I suspect that for GFS2 we'd need a patch looking something like this
(untested) based on what I think is the case so far:

diff --git a/fs/gfs2/ops_fstype.c b/fs/gfs2/ops_fstype.c
index 8ac9ae1..e807850 100644
--- a/fs/gfs2/ops_fstype.c
+++ b/fs/gfs2/ops_fstype.c
@@ -18,6 +18,7 @@
#include <linux/mount.h>
#include <linux/gfs2_ondisk.h>
#include <linux/quotaops.h>
+#include <linux/cleancache.h>

#include "gfs2.h"
#include "incore.h"
@@ -1187,6 +1188,12 @@ static int fill_super(struct super_block *sb, struct gfs2_args *args, int silent

gfs2_glock_dq_uninit(&mount_gh);
gfs2_online_uevent(sdp);
+ if (ls->ls_ops == &gfs2_dlm_ops) {
+ if (gfs2_uuid_valid(sb->s_uuid))
+ cleancache_init_shared_fs(sb->s_uuid, sb);
+ } else {
+ cleancache_init_fs(sb);
+ }
return 0;

fail_threads:


I would also be interested to know if there are any plans for a KVM
backend for cleancache,

Steve.

2011-05-27 16:31:44

by Dan Magenheimer

[permalink] [raw]
Subject: RE: Cleancache and shared filesystems

> > Forgive me but I am not a clustered FS expert (even for ocfs2):
> > If the UUID field in the sb is always 128-bits and is always
> > identical for all cluster nodes, and this fact is consistent
> > across all clustered FS's at mount time, I agree that there is
> > no need to pass the uuid as a parameter in
> > cleancache_init_shared_fs as it can be derived in the body of
> > cleancache_init_shared_fs and then passed to
> > __cleancache_init_shared_fs (which only cares that it gets
> > 128-bits and probably has no business digging through a
> > superblock).
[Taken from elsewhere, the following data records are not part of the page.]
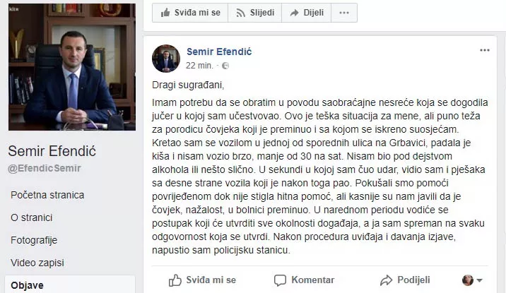 SARAJEVO, (Patria) - Načelnik općine Novi Grad Sarajevo Semir Efendić danas se oglasio na svom Facebook profilu nakon jučerašnje saobraćajne nesreće u kojoj je automobilom udario pješaka koji je preminuo nekoliko sati kasnije od zadobijenih povreda.
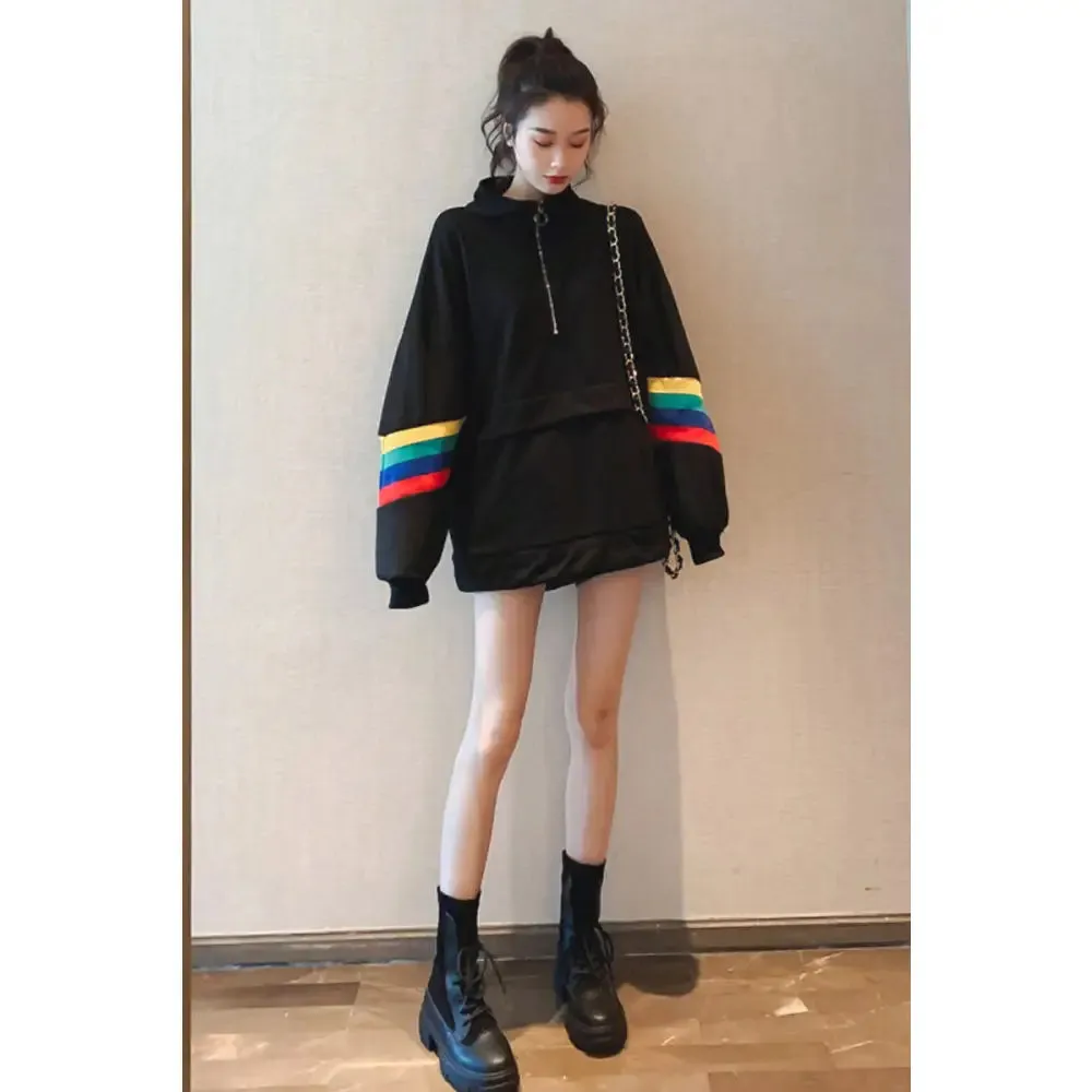 Rainbow Stand-Up Collar Loose Sweatshirt
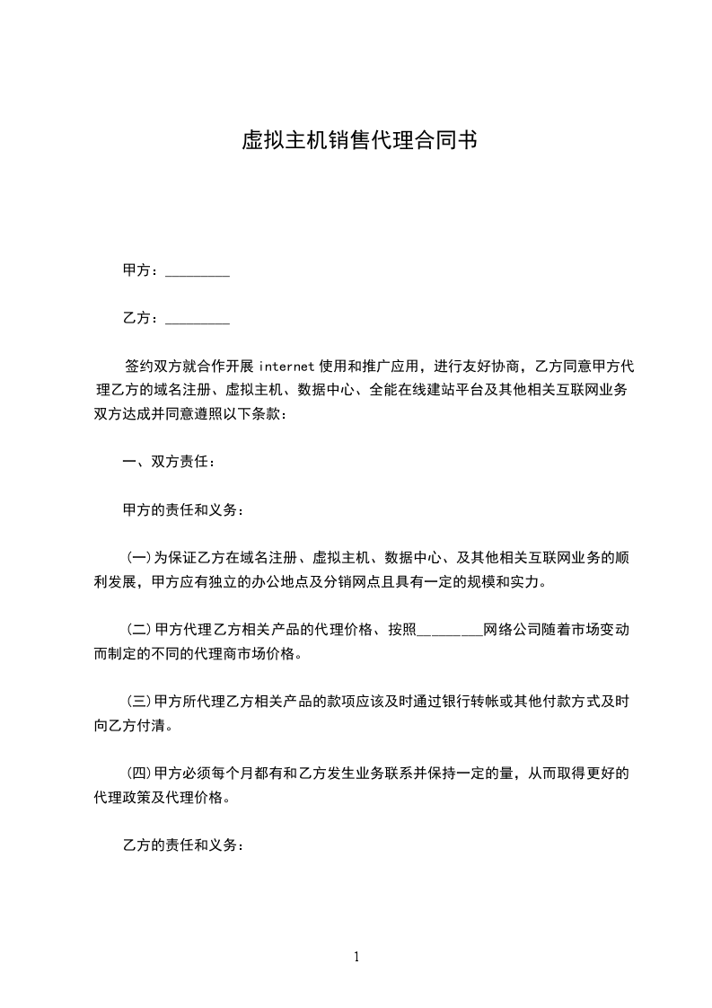 (一)为保证乙方在域名注册、虚拟主机、数据中心、及其他相关互联网业务的顺利发展,甲方应有独立的办公地点及分销网点且具有一定的规模和实力。

OTOH, this call is made only once per mount
> > so there's no significant advantage in changing this... or am
> > I missing something?
> >
> The point was really just a question to see if I'd understood what was
> intended at this point of the code. It might be cleaner though to
> introduce a sb flag to say whether a particular fs is shared or not as
> a
> generic feature. Then the same init function could be used for both
> shared and non-shared filesystems presumably?

True. I believe I had just one function long ago but an early reviewer
insisted that:

func_does_this()
func_does_this_and_also_X()

was more proper in the kernel than

func_does_this(parameter_selecting_X_or_notX)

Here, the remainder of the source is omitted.